* **Given records**:
▼

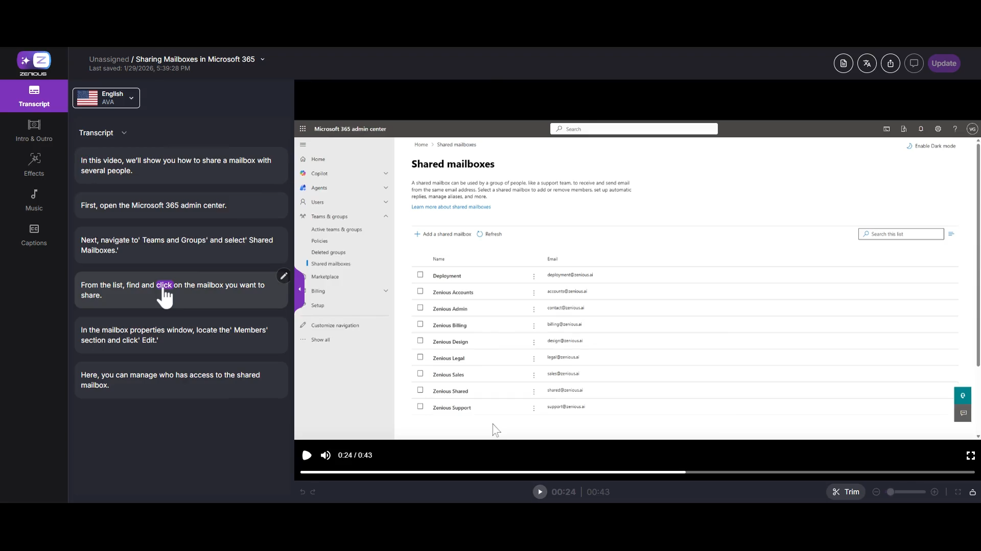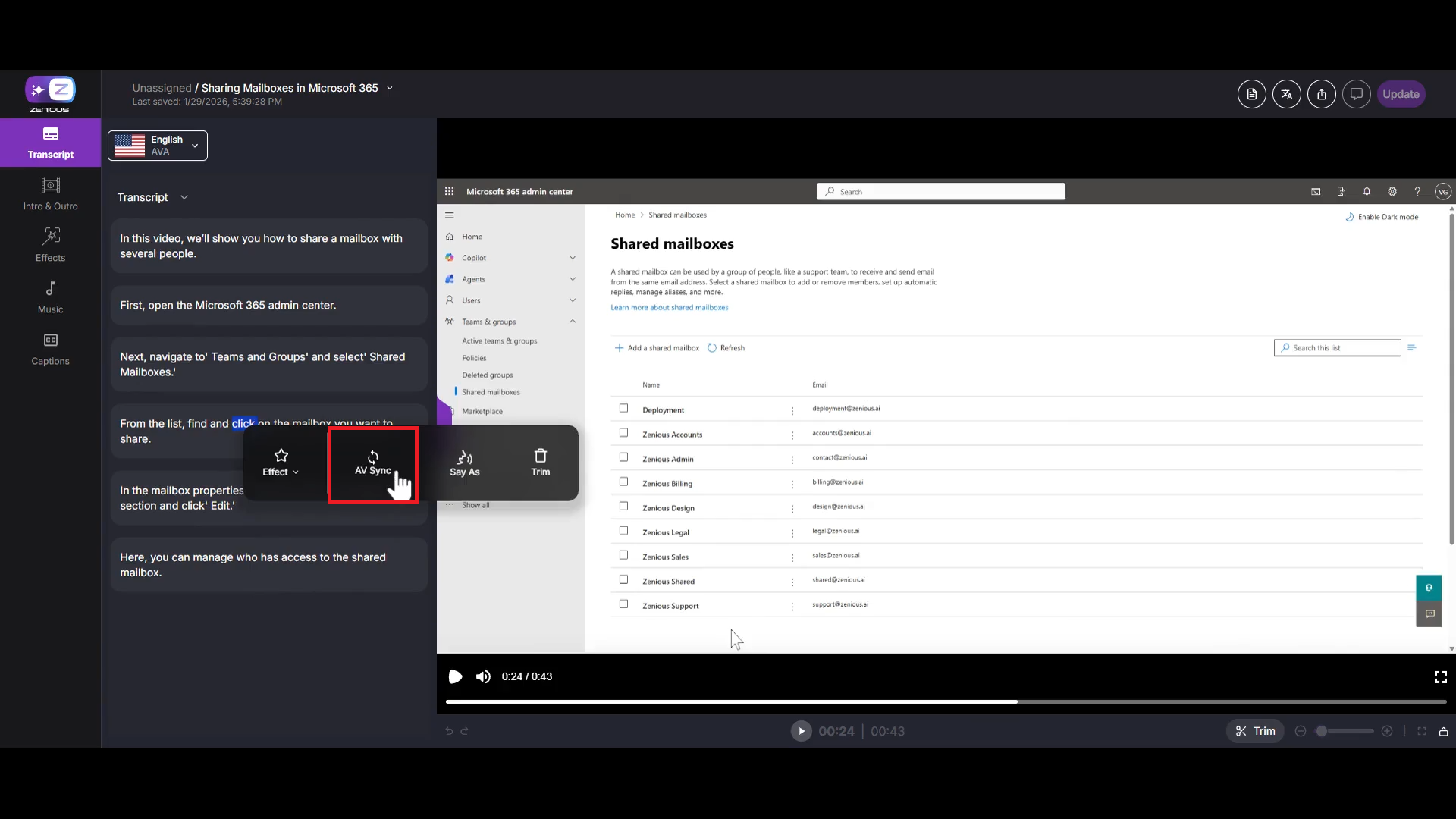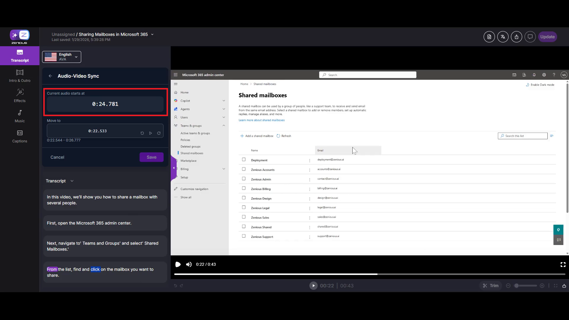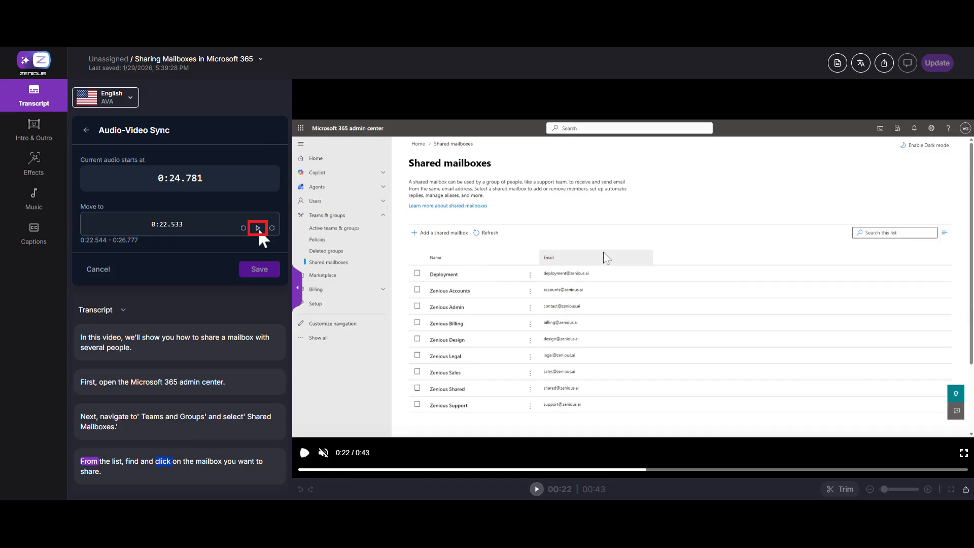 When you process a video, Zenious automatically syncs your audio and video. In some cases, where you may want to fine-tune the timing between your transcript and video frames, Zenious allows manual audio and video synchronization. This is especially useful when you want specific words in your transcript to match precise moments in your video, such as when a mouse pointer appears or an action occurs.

▲
▼

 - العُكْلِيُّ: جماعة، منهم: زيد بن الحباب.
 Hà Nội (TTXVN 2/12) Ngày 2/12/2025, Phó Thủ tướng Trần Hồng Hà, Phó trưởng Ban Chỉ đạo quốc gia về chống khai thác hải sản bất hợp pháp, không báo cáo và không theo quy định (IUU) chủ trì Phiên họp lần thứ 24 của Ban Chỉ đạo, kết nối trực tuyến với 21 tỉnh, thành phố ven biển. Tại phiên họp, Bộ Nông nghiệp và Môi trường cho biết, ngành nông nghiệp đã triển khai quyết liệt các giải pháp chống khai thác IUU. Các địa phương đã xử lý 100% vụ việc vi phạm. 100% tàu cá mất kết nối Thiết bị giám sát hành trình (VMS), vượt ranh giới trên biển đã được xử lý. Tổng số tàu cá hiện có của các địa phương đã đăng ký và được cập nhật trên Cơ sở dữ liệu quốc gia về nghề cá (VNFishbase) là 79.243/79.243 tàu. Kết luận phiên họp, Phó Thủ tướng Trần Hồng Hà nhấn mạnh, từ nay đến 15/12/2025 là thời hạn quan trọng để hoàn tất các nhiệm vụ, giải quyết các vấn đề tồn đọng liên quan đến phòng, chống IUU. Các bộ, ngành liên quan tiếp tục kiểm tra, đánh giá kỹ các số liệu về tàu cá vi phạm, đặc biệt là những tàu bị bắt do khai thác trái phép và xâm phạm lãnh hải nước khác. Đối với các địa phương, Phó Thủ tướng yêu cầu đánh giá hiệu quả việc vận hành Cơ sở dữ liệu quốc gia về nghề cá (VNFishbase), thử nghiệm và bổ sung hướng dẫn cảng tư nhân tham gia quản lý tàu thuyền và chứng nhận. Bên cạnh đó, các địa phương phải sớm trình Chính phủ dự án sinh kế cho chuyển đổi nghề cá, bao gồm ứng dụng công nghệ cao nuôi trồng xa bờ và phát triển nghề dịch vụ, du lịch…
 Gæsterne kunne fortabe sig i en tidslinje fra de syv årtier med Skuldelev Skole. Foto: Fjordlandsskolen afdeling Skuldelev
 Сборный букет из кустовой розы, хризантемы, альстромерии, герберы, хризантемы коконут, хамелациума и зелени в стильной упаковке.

▲
▼

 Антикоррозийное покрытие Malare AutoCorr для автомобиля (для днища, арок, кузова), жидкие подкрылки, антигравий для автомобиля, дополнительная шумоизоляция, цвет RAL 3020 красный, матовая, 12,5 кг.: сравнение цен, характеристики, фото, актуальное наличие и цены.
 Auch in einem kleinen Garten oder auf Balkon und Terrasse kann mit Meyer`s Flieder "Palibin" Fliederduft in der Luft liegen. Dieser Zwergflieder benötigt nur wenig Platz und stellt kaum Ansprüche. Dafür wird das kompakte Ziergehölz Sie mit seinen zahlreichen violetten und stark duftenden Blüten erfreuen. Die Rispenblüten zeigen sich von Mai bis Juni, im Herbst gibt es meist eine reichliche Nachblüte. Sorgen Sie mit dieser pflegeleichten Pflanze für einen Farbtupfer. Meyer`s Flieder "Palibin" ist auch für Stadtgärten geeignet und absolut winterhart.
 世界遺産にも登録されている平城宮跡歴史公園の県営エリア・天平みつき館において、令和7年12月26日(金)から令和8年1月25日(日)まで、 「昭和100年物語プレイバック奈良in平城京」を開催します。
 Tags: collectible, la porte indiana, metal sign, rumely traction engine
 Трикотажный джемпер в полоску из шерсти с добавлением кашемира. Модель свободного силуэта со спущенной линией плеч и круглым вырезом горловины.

▲

* **Aim of the exercise**: All that is wanted is an exact copy of the lines above from the one with "Tags: collectible, la" through the one with "Трикотажный джемпер в", with both ends included.

* **Written reply**:
 Tags: collectible, la porte indiana, metal sign, rumely traction engine
 Трикотажный джемпер в полоску из шерсти с добавлением кашемира. Модель свободного силуэта со спущенной линией плеч и круглым вырезом горловины.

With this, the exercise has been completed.